Leave out the pictures, and copy exactly the lines from the line with "我公司在2016年肩负的河北" through the last line of the data below.

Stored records
+++++

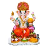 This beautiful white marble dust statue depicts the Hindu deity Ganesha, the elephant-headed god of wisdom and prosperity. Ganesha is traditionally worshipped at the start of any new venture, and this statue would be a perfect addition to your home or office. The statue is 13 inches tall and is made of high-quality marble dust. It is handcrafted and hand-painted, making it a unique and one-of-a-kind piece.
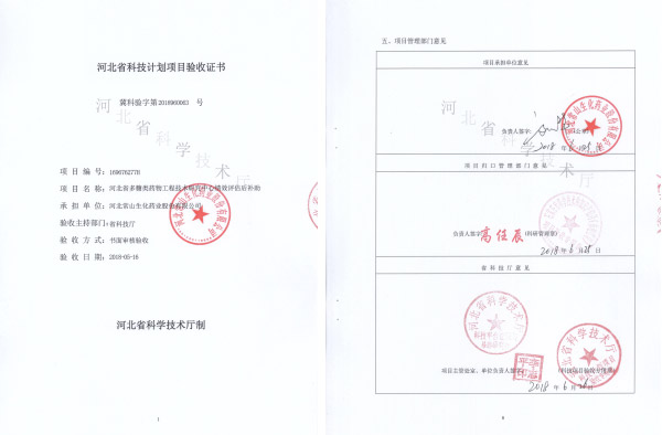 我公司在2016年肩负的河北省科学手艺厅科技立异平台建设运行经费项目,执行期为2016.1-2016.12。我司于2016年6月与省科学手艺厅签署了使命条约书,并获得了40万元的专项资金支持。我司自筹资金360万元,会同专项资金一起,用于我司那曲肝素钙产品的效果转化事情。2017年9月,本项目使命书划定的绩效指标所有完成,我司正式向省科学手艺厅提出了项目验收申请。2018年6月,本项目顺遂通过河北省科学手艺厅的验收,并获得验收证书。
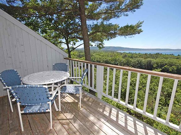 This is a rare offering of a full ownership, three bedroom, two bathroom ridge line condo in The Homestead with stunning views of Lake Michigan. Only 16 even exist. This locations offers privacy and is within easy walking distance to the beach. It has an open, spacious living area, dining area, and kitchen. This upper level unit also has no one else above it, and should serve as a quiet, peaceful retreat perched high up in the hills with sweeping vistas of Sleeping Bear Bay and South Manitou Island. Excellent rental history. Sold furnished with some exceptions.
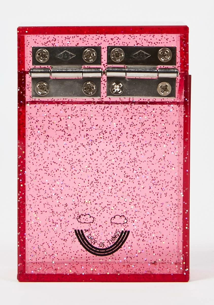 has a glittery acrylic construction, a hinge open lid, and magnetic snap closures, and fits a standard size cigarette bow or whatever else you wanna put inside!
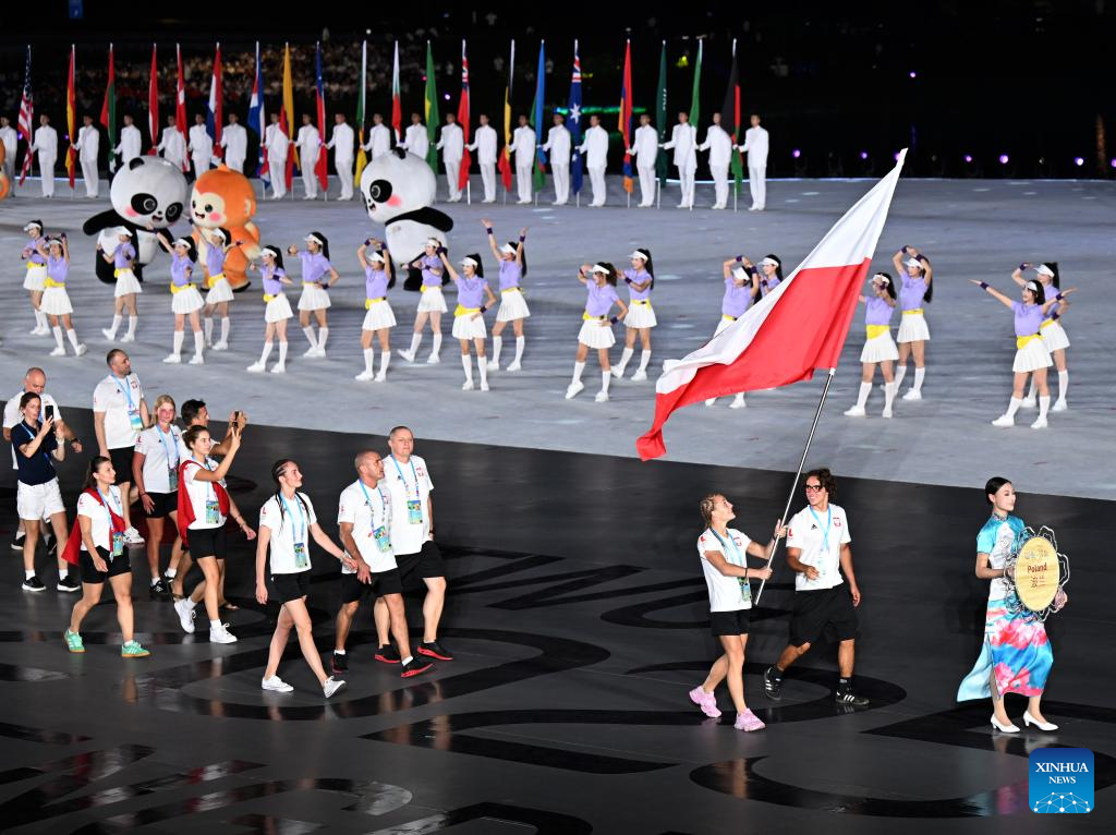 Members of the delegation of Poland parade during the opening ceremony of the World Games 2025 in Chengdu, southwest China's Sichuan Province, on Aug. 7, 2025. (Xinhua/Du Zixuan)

+++++

Written reply:
 我公司在2016年肩负的河北省科学手艺厅科技立异平台建设运行经费项目,执行期为2016.1-2016.12。我司于2016年6月与省科学手艺厅签署了使命条约书,并获得了40万元的专项资金支持。我司自筹资金360万元,会同专项资金一起,用于我司那曲肝素钙产品的效果转化事情。2017年9月,本项目使命书划定的绩效指标所有完成,我司正式向省科学手艺厅提出了项目验收申请。2018年6月,本项目顺遂通过河北省科学手艺厅的验收,并获得验收证书。
 This is a rare offering of a full ownership, three bedroom, two bathroom ridge line condo in The Homestead with stunning views of Lake Michigan. Only 16 even exist. This locations offers privacy and is within easy walking distance to the beach. It has an open, spacious living area, dining area, and kitchen. This upper level unit also has no one else above it, and should serve as a quiet, peaceful retreat perched high up in the hills with sweeping vistas of Sleeping Bear Bay and South Manitou Island. Excellent rental history. Sold furnished with some exceptions.
 has a glittery acrylic construction, a hinge open lid, and magnetic snap closures, and fits a standard size cigarette bow or whatever else you wanna put inside!
 Members of the delegation of Poland parade during the opening ceremony of the World Games 2025 in Chengdu, southwest China's Sichuan Province, on Aug. 7, 2025. (Xinhua/Du Zixuan)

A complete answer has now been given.